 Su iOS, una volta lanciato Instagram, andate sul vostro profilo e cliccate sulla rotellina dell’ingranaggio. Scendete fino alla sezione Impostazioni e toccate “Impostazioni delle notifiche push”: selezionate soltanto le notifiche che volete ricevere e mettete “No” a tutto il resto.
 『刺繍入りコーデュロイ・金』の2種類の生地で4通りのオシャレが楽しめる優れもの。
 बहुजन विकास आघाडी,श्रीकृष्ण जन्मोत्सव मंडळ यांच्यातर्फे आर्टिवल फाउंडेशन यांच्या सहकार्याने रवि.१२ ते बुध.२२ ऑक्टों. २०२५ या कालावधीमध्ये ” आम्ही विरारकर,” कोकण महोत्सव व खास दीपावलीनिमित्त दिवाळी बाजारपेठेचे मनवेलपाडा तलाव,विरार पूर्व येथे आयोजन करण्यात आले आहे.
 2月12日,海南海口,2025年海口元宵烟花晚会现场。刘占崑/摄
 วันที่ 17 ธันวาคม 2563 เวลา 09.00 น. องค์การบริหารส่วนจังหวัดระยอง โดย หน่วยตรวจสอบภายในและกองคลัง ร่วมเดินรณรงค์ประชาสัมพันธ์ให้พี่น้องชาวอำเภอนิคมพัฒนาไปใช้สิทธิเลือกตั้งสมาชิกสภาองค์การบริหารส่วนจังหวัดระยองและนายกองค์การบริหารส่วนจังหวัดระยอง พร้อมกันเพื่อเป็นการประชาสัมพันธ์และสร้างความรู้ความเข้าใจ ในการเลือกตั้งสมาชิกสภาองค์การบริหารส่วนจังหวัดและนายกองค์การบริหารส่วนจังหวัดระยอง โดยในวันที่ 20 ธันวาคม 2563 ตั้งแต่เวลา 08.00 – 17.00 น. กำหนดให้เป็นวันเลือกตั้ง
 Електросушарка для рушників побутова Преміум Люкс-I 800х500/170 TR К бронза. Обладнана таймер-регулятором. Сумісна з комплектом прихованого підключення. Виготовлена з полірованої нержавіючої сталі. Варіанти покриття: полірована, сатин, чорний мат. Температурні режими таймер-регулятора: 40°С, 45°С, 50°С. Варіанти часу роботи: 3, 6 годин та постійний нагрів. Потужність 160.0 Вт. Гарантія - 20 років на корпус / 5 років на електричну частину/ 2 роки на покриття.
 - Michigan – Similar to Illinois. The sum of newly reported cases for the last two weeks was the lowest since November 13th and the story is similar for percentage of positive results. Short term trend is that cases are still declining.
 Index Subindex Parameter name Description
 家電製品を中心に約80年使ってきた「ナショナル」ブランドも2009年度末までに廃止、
..........
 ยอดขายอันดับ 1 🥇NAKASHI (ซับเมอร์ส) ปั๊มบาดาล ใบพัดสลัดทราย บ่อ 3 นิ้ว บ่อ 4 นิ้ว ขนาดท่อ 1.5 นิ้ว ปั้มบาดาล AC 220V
..........
**WHAT THIS TASK INVOLVES:** A word-for-word copy of the lines above from the one with "बहुजन विकास आघाडी,श्रीकृष्ण" through the one with "2月12日,海南海口,2025年海口元宵烟花晚会现场。刘占崑/摄", inclusive, is the only output wanted.

**WRITTEN ANSWER:**
 बहुजन विकास आघाडी,श्रीकृष्ण जन्मोत्सव मंडळ यांच्यातर्फे आर्टिवल फाउंडेशन यांच्या सहकार्याने रवि.१२ ते बुध.२२ ऑक्टों. २०२५ या कालावधीमध्ये ” आम्ही विरारकर,” कोकण महोत्सव व खास दीपावलीनिमित्त दिवाळी बाजारपेठेचे मनवेलपाडा तलाव,विरार पूर्व येथे आयोजन करण्यात आले आहे.
 2月12日,海南海口,2025年海口元宵烟花晚会现场。刘占崑/摄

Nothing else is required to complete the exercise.